Announce: Topic Map Standard out for Final Committee Draft Ballot

Mon Nov 16 22:52:22 GMT 1998

Greetings,

I'm attaching a working proposal I made to the content development working
group of the vrml consortium, which I chaired until recently. As it turns
out, a recent post to our mailing list was made by Eric Pacquet, which I
will be forwarding to this list momentarily. Because the issue of Topic
Navigation Maps bears directly on this and includes the possibility of
forming a reflector if not a cross-standards working group aimed at
unifying the manageability of information resources on the web.

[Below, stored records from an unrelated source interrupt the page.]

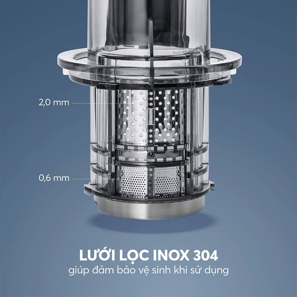 - Lưới lọc inox 304: Chất liệu cao cấp giúp giữ sạch bã và ngăn chặn rắc rối khi vệ sinh. Lưới này còn giúp máy ép dễ dàng làm sạch sau mỗi lần sử dụng.
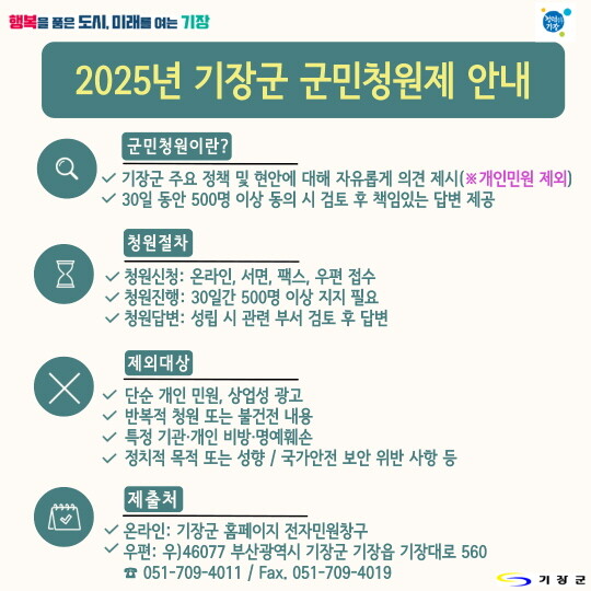 부산 기장군은 '군민청원제' 활성화를 위해 올해부터 청원 동의자 수를 기존 1000명에서 500명으로 대폭 완화해 시행한다고 10일 밝혔다.
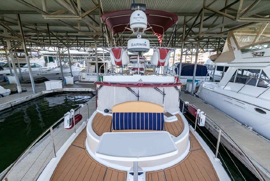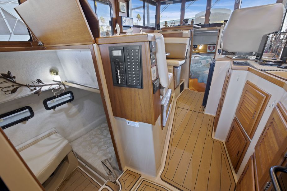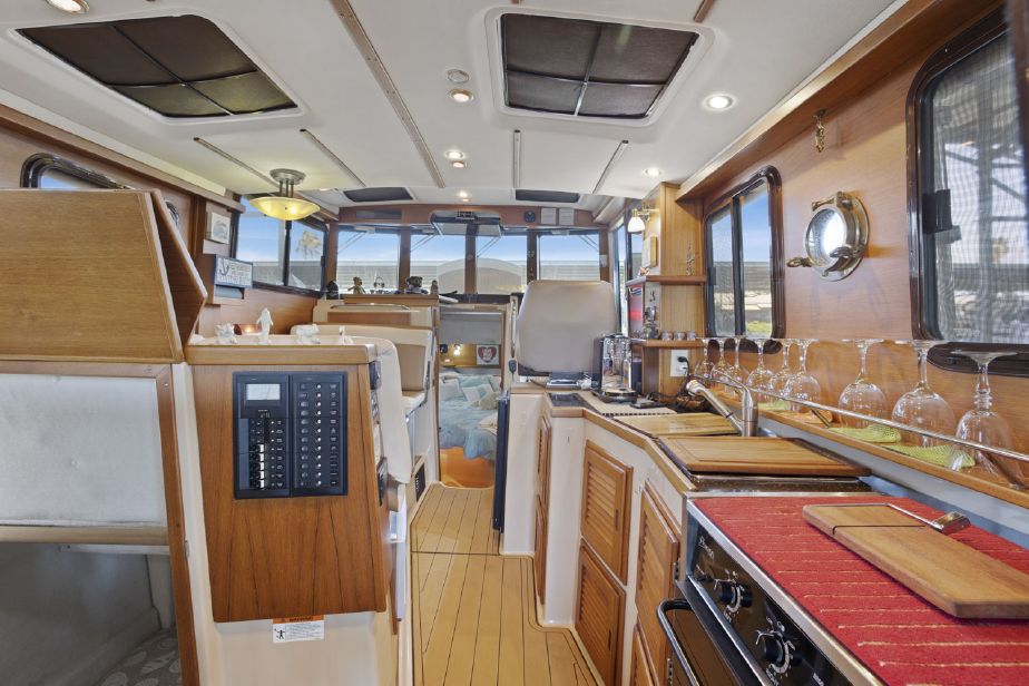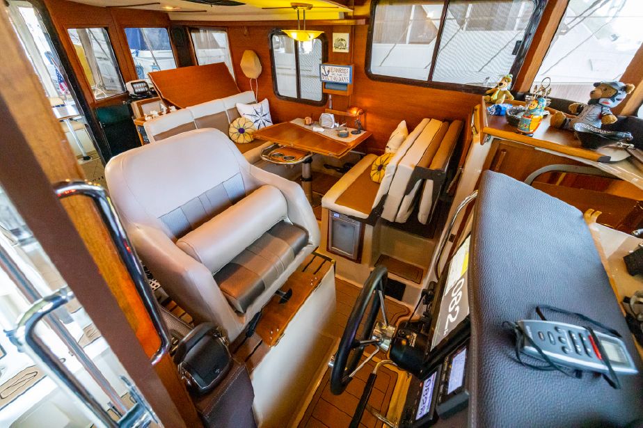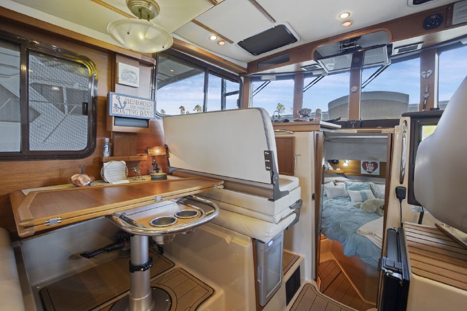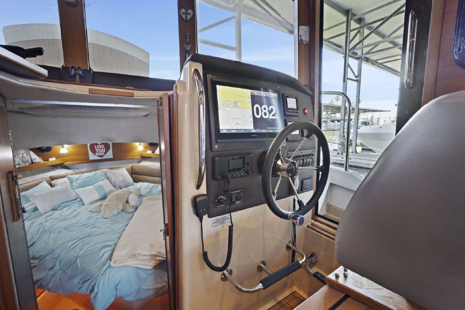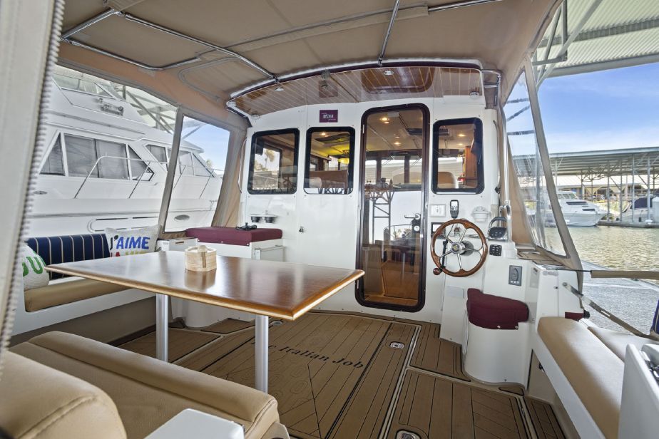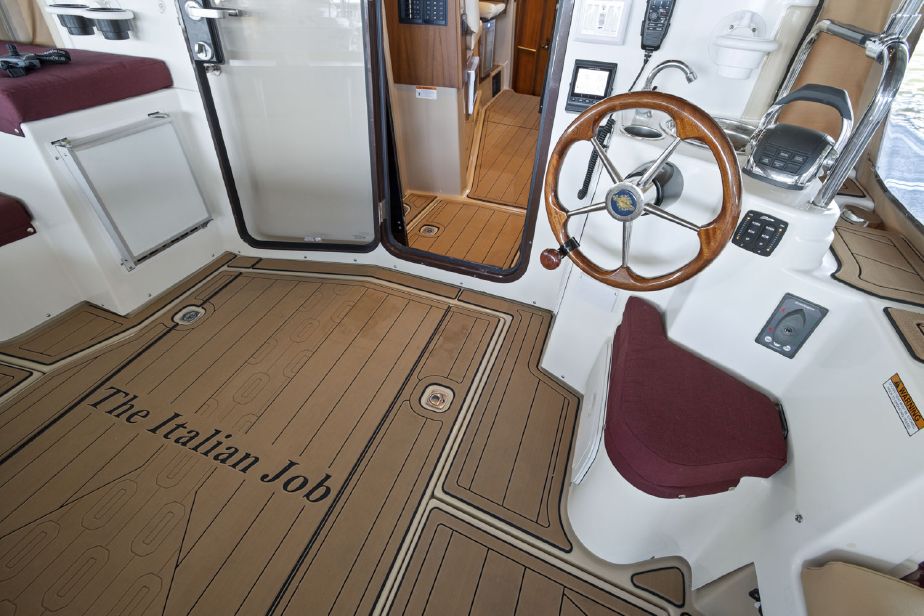 Customized Ranger Tug Sedan converted to a Command Bridge! ITALIAN JOB comes with an additional helm station in the aft cockpit, customized captains chairs and bench w/cooler on the cabin top, customized interior and exterior composite deck flooring and LED lights throughout the boat and a plethora of electronics. ITALIAN JOB has all options available on a Ranger Tug R31S and more. She has been meticulously maintained and is berthed in a covered shed in Discovery Bay.
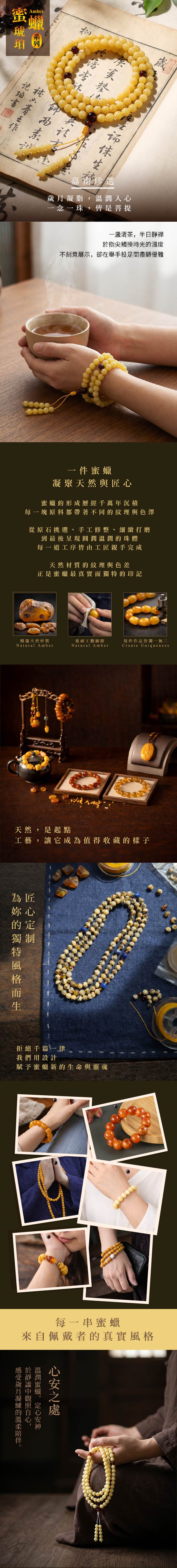 - 穿越千年時空凝結成了深沉、醇厚、晶瑩剔透的琥珀蜜蠟。每一顆琥珀,都有獨特的色彩和紋理,就像是個充滿神秘和美麗的獨立世界 ,這個自然寶藏不僅僅是一種寶石,更是佛教哲學的完美體現,感受著仿佛佛教智者的化身,以琉璃般晶瑩的光芒,傳遞佛教的真理和智慧。

I also forwarded this paper to the enterprise wg list of the the VRML
Consortium which is changing its name to the Web3D Consortium in case you
didn't know. Daniel Lipkin, the chair of that group has been concerned with
xml integration, specifically with metadata concepts being included as a
node in VRML files. So, at the risk of seeming overly wide in my interests,
I think Eric's suggestions bear looking at.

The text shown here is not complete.